### Source records
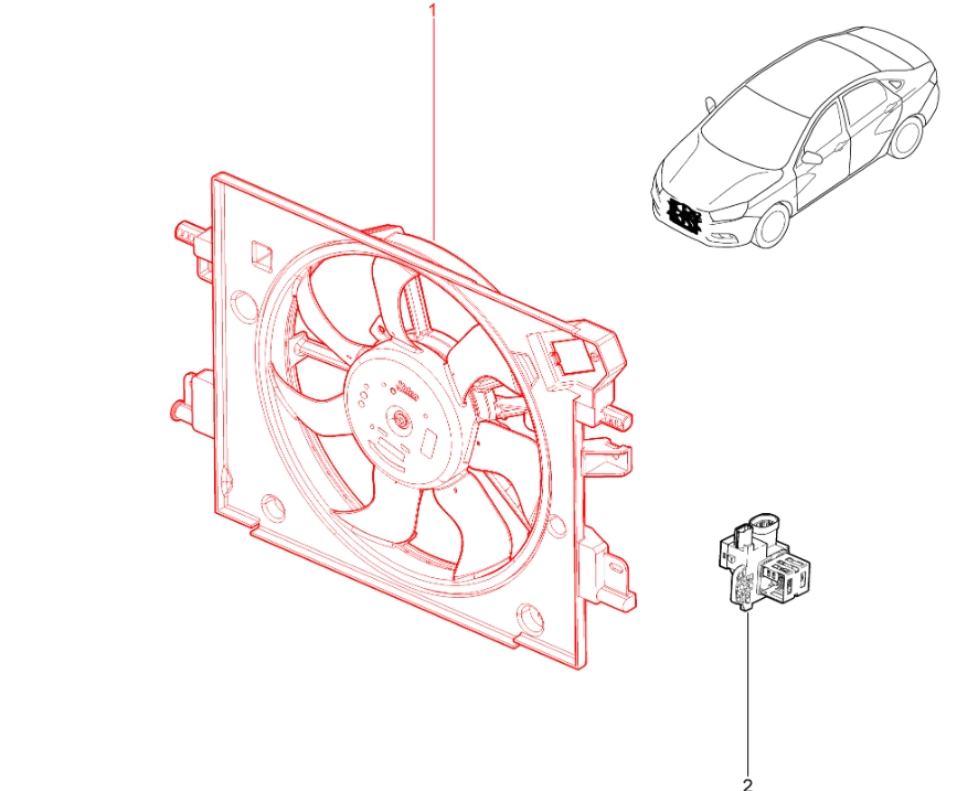 Штатный оригинальный электровентилятор с кожухом для Lada Vesta, Largus.
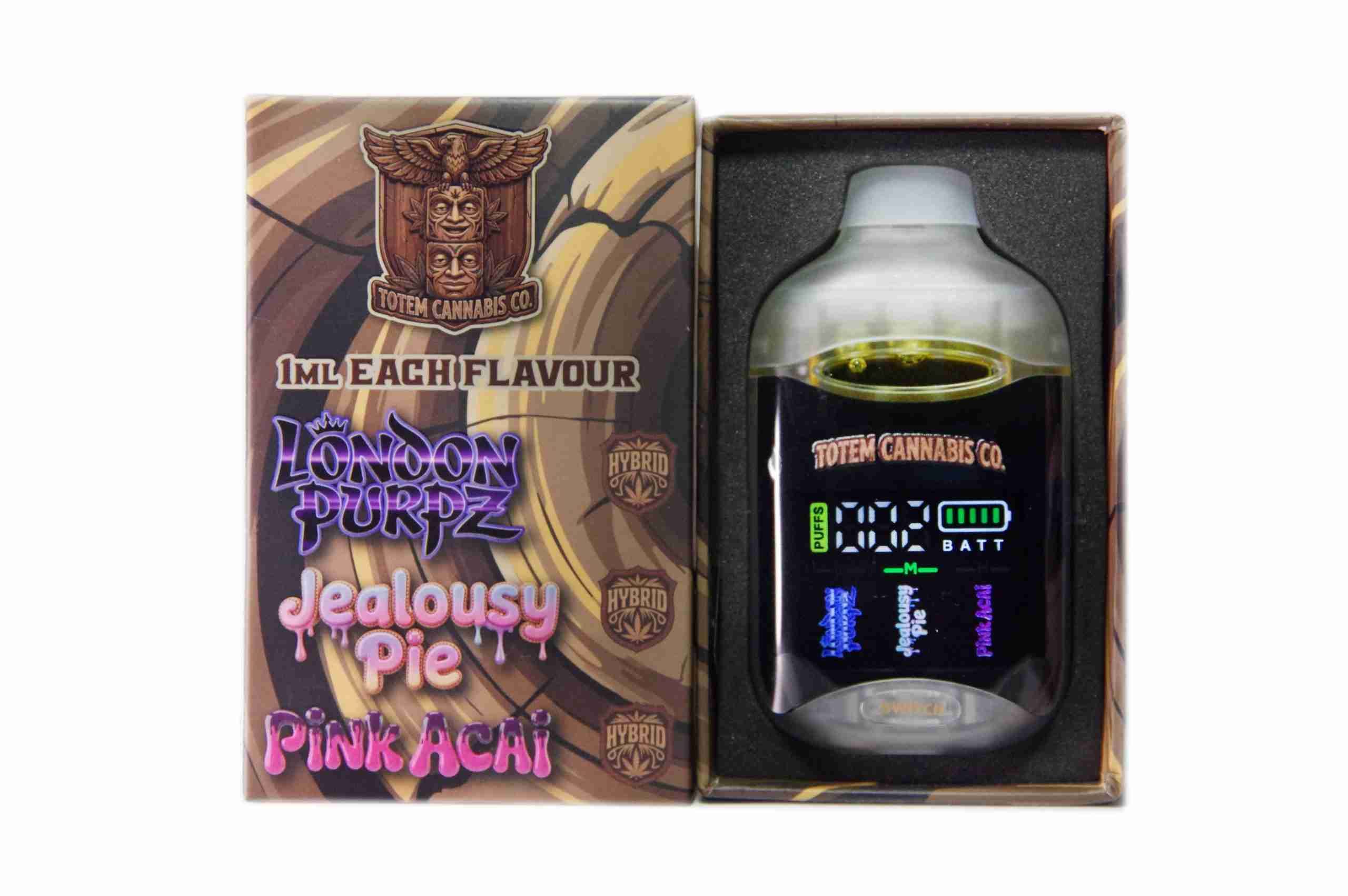 Totem Cannabis Co. Tri Chamber Vape – London Purpz + Jealousy Pie + Pink Acai (3 x 1 Gram)
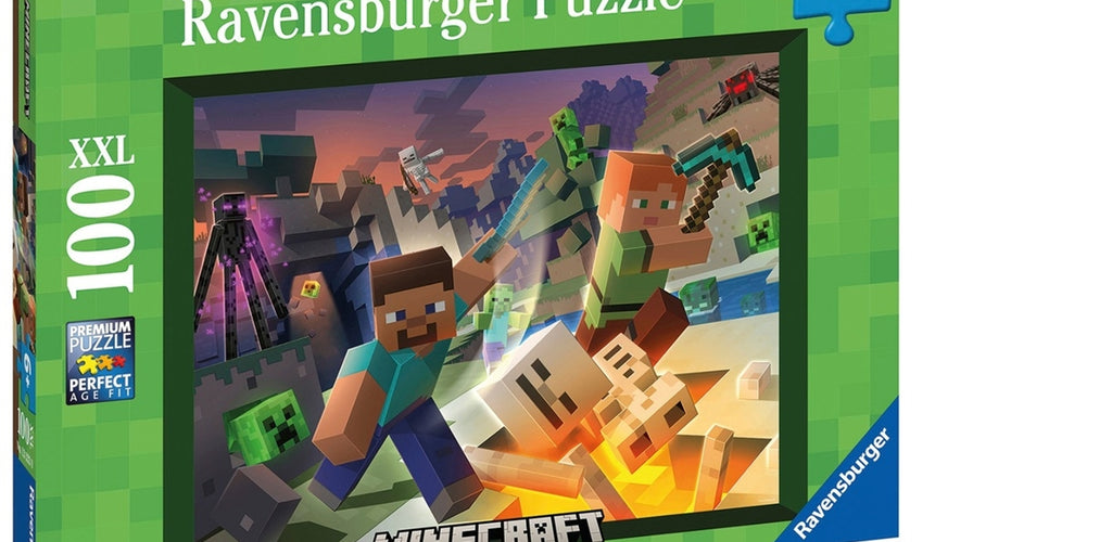 100-piece XXL puzzle showcasing iconic Minecraft scenes. 🧱
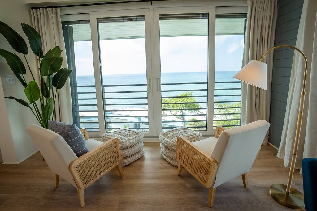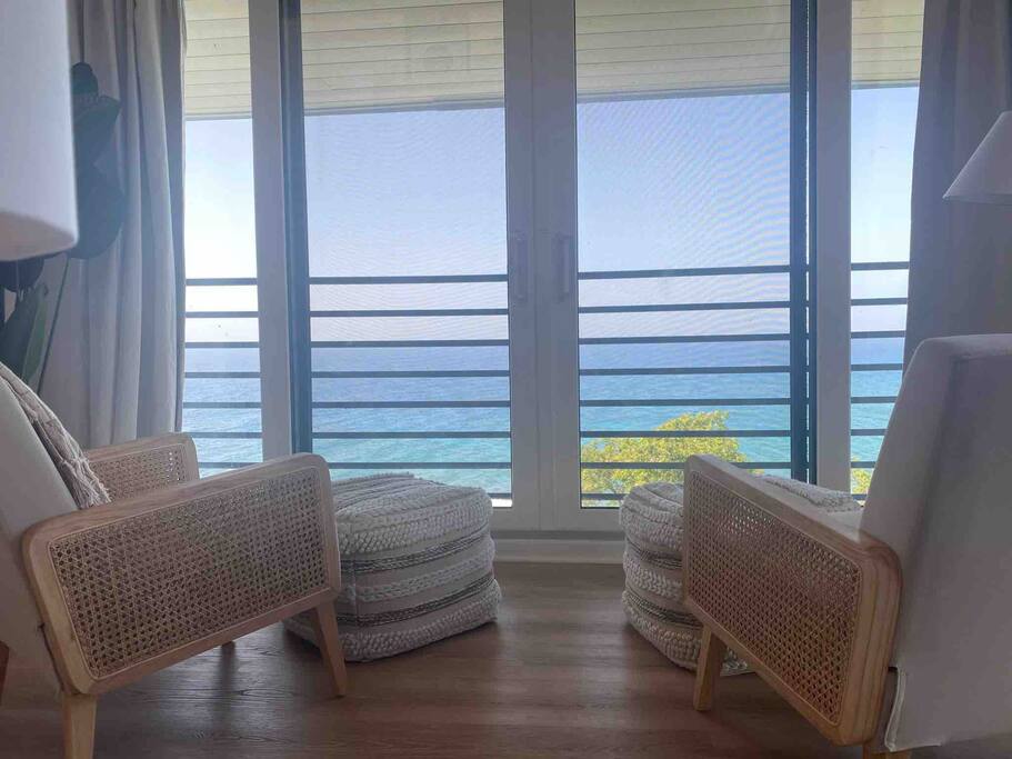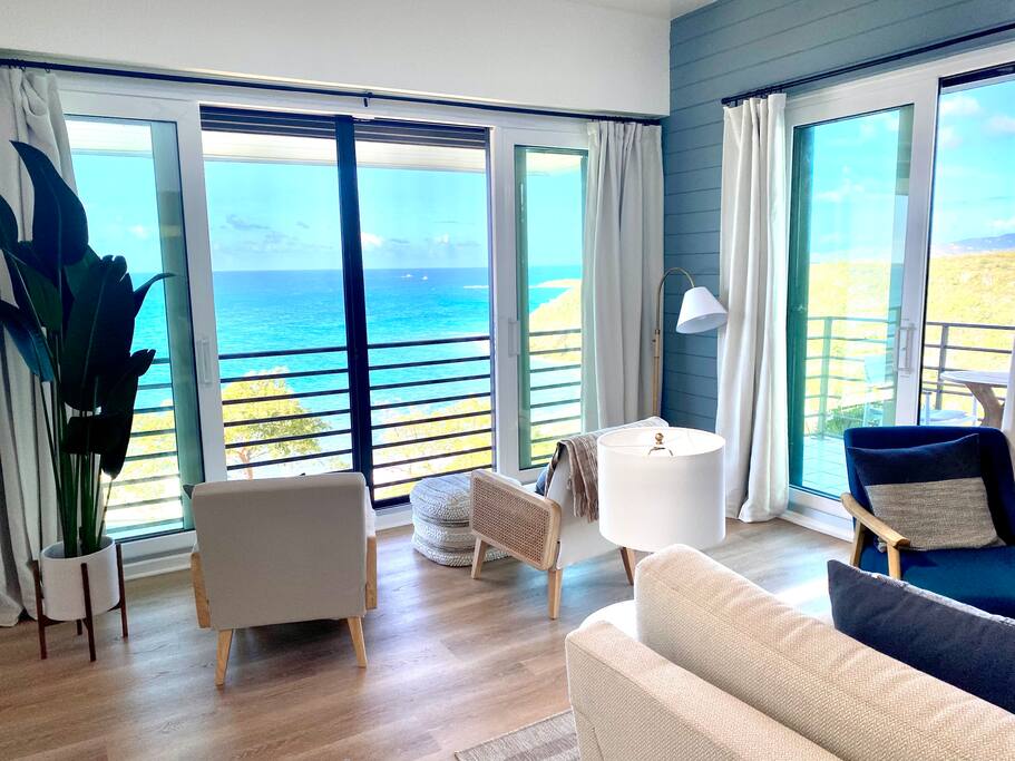 This oceanfront penthouse condo is located on a hill overlooking the Caribbean Sea with views from every room. The unit features 2 spacious bedrooms with 2 Queen Beds in one room and 1 King Bed in the second room. Enjoy secluded outdoor lounge areas on each level and a spacious main level living area. Perfect place to relax after each day's adventures. Please note, the loft space may not be suitable for young children and toddlers.
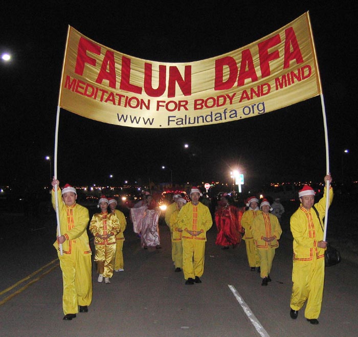 同日的傍晚,学员们又开车1小时赶到阿灵顿市(Arlington)参加那里的圣诞灯光游行。组织者对法轮功学员参加去年的首届游行记忆犹新,学员们在停车场做准备工作时,他特意找到学员表示感谢和欢迎学员们再次参加。法轮功学员李先生告诉记者:“今年的阿灵顿市游行设有两个主席台,当我们经过第一个主席台的时候,主持人先介绍了法轮大法,然后他又让观众们一起学着说‘法轮大法’。在舞蹈队的女学员随着‘法轮大法好’的歌声,手持莲花表演的时候,这位主持人又风趣地让大家一起跟着唱‘法轮大法好’。”
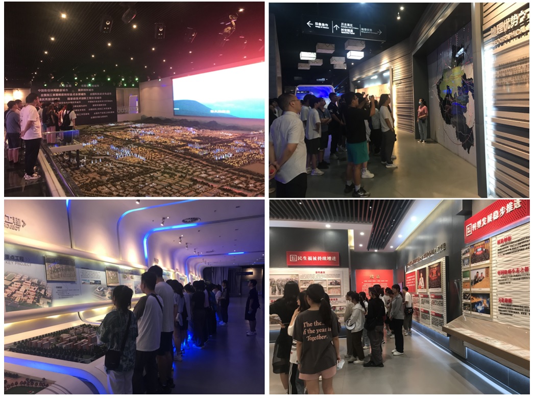 在国家方志馆南水北调分馆和焦作市党群服务中心,实习指导组精心设计了“南水北调文化和焦作精神”现场思政课堂,全体师生共同学习了南水北调工程以及焦作城区段总干渠征迁和建设过程,一起感受 “人民至上、协作共享”的国家精神,以及“艰苦奋斗、创新求精”的工程建设精神,感受焦作人民“特别能战斗”的革命斗争精神。在焦作市城市规划展览馆,全体师生通过现场参观和讲解,了解城市特色和规划历程,感受焦作人民在党的领导下波澜壮阔的建设和改革伟大历程。在中国非物质文化遗产当阳峪绞胎瓷展示馆和生产基地,通过观看微视频和参观生产线,感受精益求精的工匠精神以及科技对产业发展的重要作用。

### What this task involves
Return word for word the lines from the beginning of the entries through the line that contains "100-piece XXL puzzle", both ends included, but no pictures.

### Answer to the exercise
 Штатный оригинальный электровентилятор с кожухом для Lada Vesta, Largus.
 Totem Cannabis Co. Tri Chamber Vape – London Purpz + Jealousy Pie + Pink Acai (3 x 1 Gram)
 100-piece XXL puzzle showcasing iconic Minecraft scenes. 🧱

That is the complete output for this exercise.